Could this be causing a lot or re-iteration? If so, any less iterative way to compare the value of an attribute in the current node against the value from the previous node?

Thanks!

KnomDeGuerre
The <xsl:if> test above looks fine. It's quite normal to "look back" at previous values.Sorry for my slow response (I'm traveling).
trebormf
+3  A: 

> To detect when to start a new section, I did this:

>

> <xsl:if test="@TheFirstCol>preceding-sibling::*[1]/@TheFirstCol"

> Could this be causing a lot or re-iteration?

Definitely.
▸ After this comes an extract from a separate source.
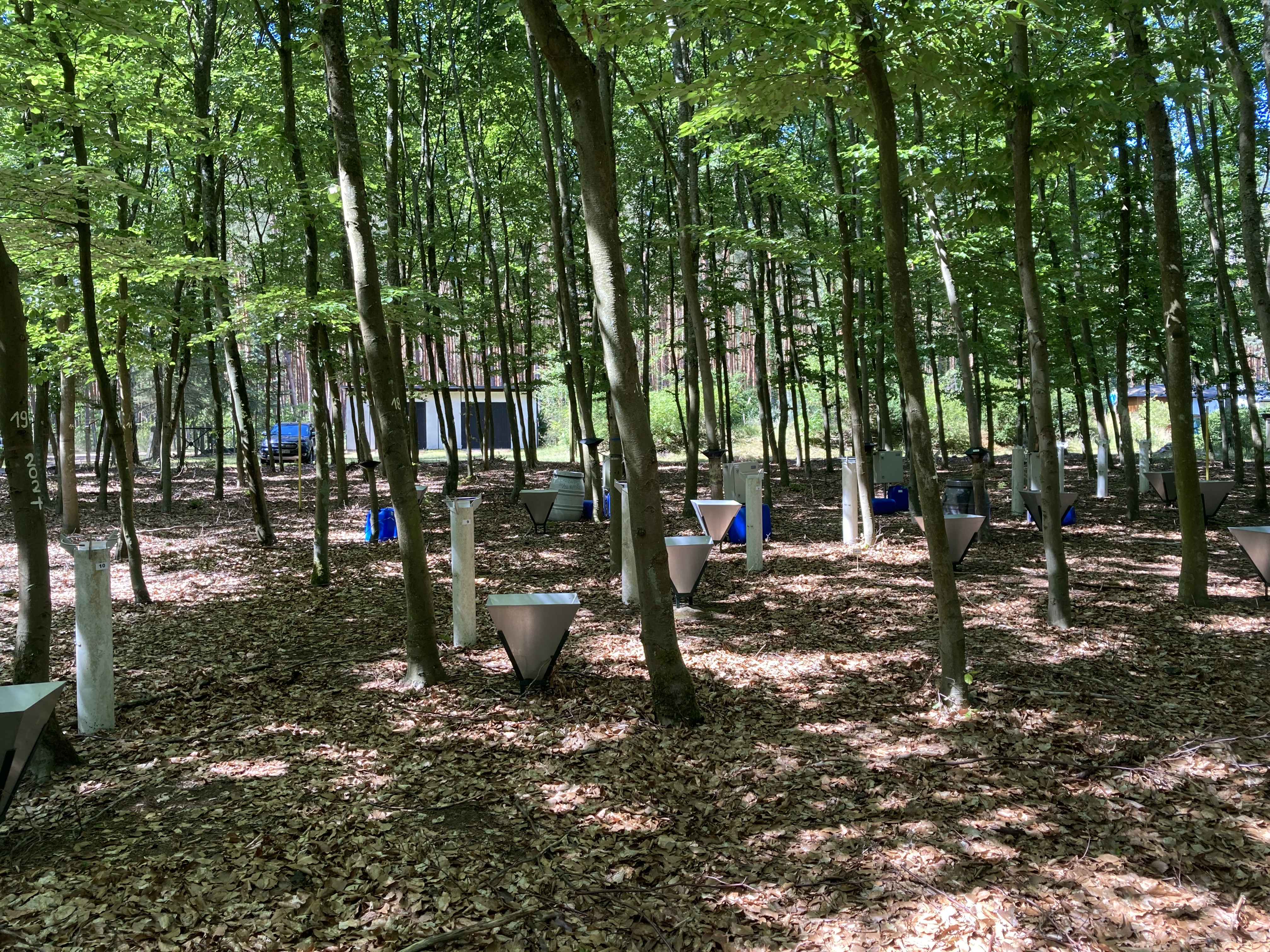 Grit Ebert: Diese Forschungsfläche ist ja vor allem dazu da zu schauen, welchen Einfluss die Baumarten auf die Neubildung von Grundwasser haben, also wie viel Wasser sie versickern lassen und wie viel Wasser direkt über die Blatt- bzw. Borkenfläche wieder abgeht. Kannst Du uns kurz erläutern, auf was für Unterschiede ihr da gestoßen seid bei den einzelnen Baumarten?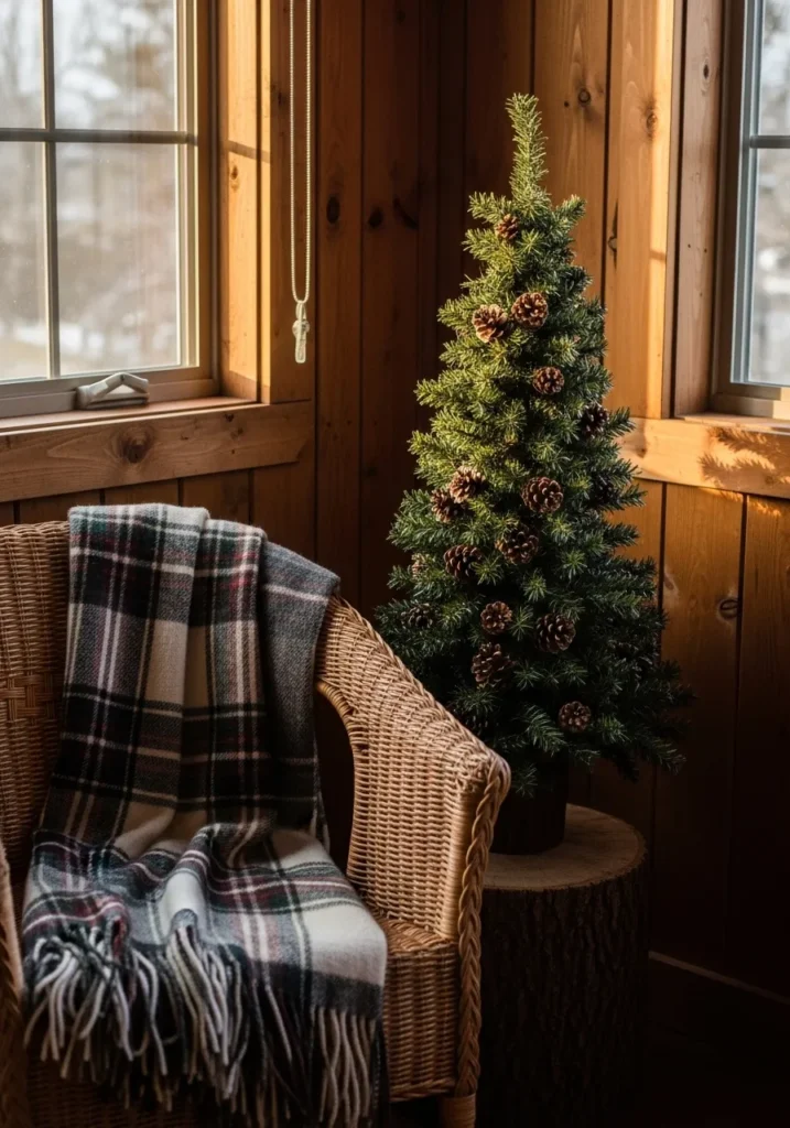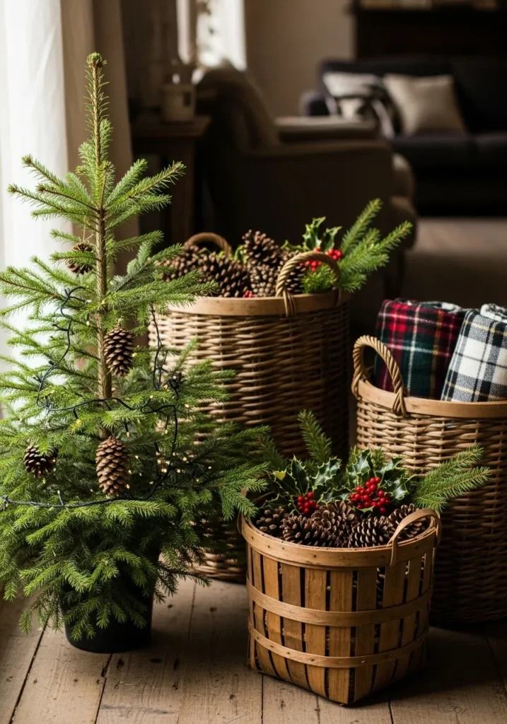 This small pine tree pairs beautifully with baskets full of pinecones, holly, and plaid blankets. The woven textures and earthy tones create a charming woodland corner that feels full of life and warmth.

The algorithm you've chosen is O(N^2) and would be very slow with sufficient number of siblings, regardless of the implementation language.

Here is an efficient algorithm using keys:

Solution1:

`<xsl:stylesheet version="1.0" xmlns:xsl="http://www.w3.org/1999/XSL/Transform">

<xsl:output method="text"/>

<xsl:key name="kC1Value" match="@c1" use="."/>

<xsl:template match="/">
  <xsl:for-each select=
  "*/x[generate-id(@c1) = generate-id(key('kC1Value',@c1)[1])]">

   <xsl:value-of select="concat('&#xA;',@c1)"/>

   <xsl:for-each select="key('kC1Value',@c1)">
     <xsl:value-of select="'&#xA;'"/>
     <xsl:for-each select="../@*[not(name()='c1')]">
       <xsl:value-of select="concat('   ', .)"/>
     </xsl:for-each>
   </xsl:for-each>
  </xsl:for-each>
</xsl:template>

`

Unfortunately, XslTransform (.NEt 1.1) has a notoriously inefficient implementation of the generate-id() function.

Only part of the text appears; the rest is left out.